> _Exercise prompt_
Where the line containing "Realizziamo e installiamo" appears, begin retyping; continue exactly through the final line of the data. Omit every picture.

--- Data ---

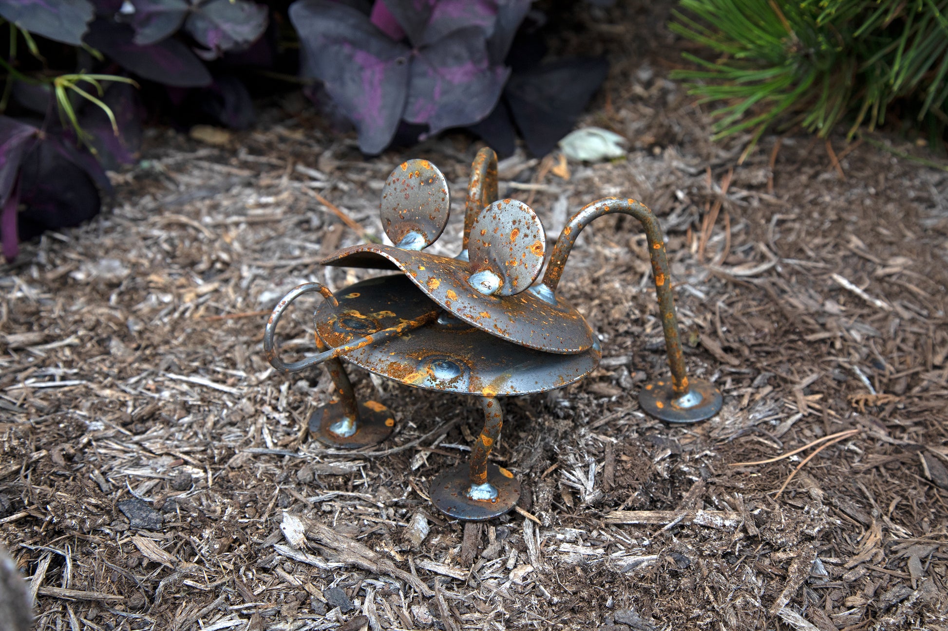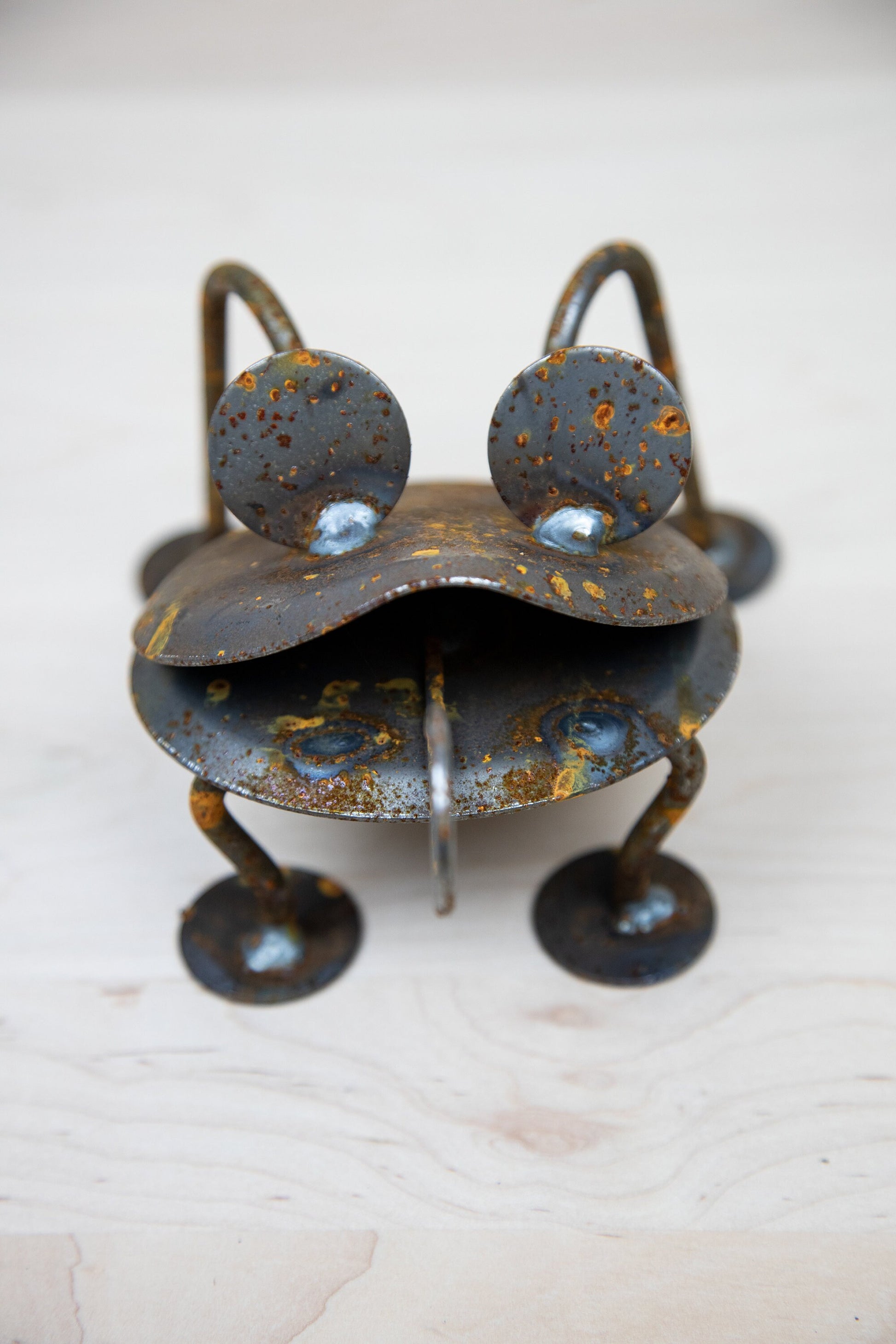 Frog is made out of solid steel from left over parts. Truly a masterpiece from the junk bin.
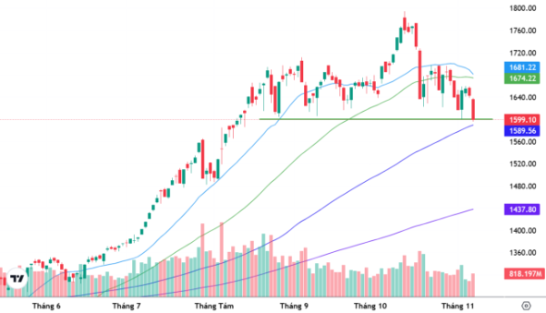 Sau chuỗi “bull-trap” kéo dài, việc VN-Index thủng ngưỡng 1.600 điểm trong phiên cuối tuần là diễn biến không quá bất ngờ, bởi đây là kịch bản đã được tôi đề cập từ những lần trao đổi trước. Hiện chỉ số đang tiệm cận vùng MA100 – vùng hỗ trợ kỹ thuật mạnh thường tạo ra các nhịp hồi phục ngắn hạn khi thị trường rơi sâu. Trong bối cảnh tâm lý nhà đầu tư bị thử thách, khả năng xuất hiện nhịp hồi kỹ thuật từ vùng này là khá cao.
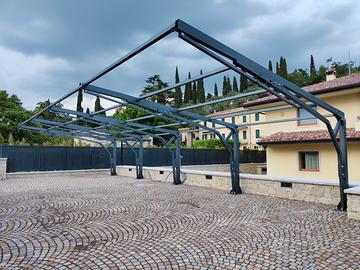 Realizziamo e installiamo coperture auto modulari zincate a caldo con predisposizione per successiva installazione di pannelli fotovoltaici.
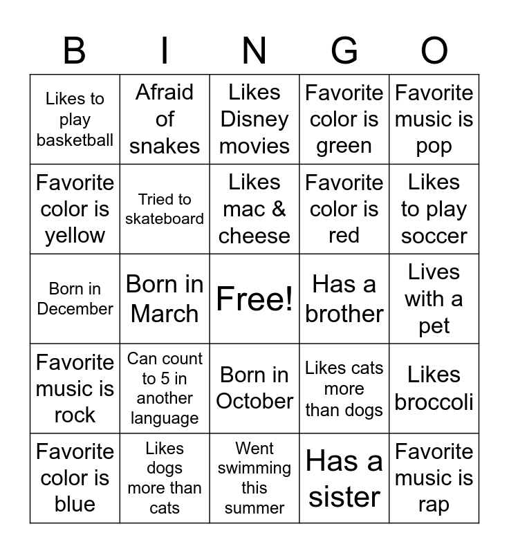 This bingo card has a free space and 24 words: Can count to 5 in another language, Likes dogs more than cats, Likes mac & cheese, Favorite color is blue, Favorite music is pop, Likes to play basketball, Favorite color is yellow, Afraid of snakes, Has a brother, Born in October, Favorite color is red, Born in December, Likes cats more than dogs, Likes broccoli, Tried to skateboard, Has a sister, Lives with a pet, Likes Disney movies, Likes to play soccer, Born in March, Favorite music is rap, Favorite music is rock, Favorite color is green and Went swimming this summer.

---

> _Written answer_
 Realizziamo e installiamo coperture auto modulari zincate a caldo con predisposizione per successiva installazione di pannelli fotovoltaici.
 This bingo card has a free space and 24 words: Can count to 5 in another language, Likes dogs more than cats, Likes mac & cheese, Favorite color is blue, Favorite music is pop, Likes to play basketball, Favorite color is yellow, Afraid of snakes, Has a brother, Born in October, Favorite color is red, Born in December, Likes cats more than dogs, Likes broccoli, Tried to skateboard, Has a sister, Lives with a pet, Likes Disney movies, Likes to play soccer, Born in March, Favorite music is rap, Favorite music is rock, Favorite color is green and Went swimming this summer.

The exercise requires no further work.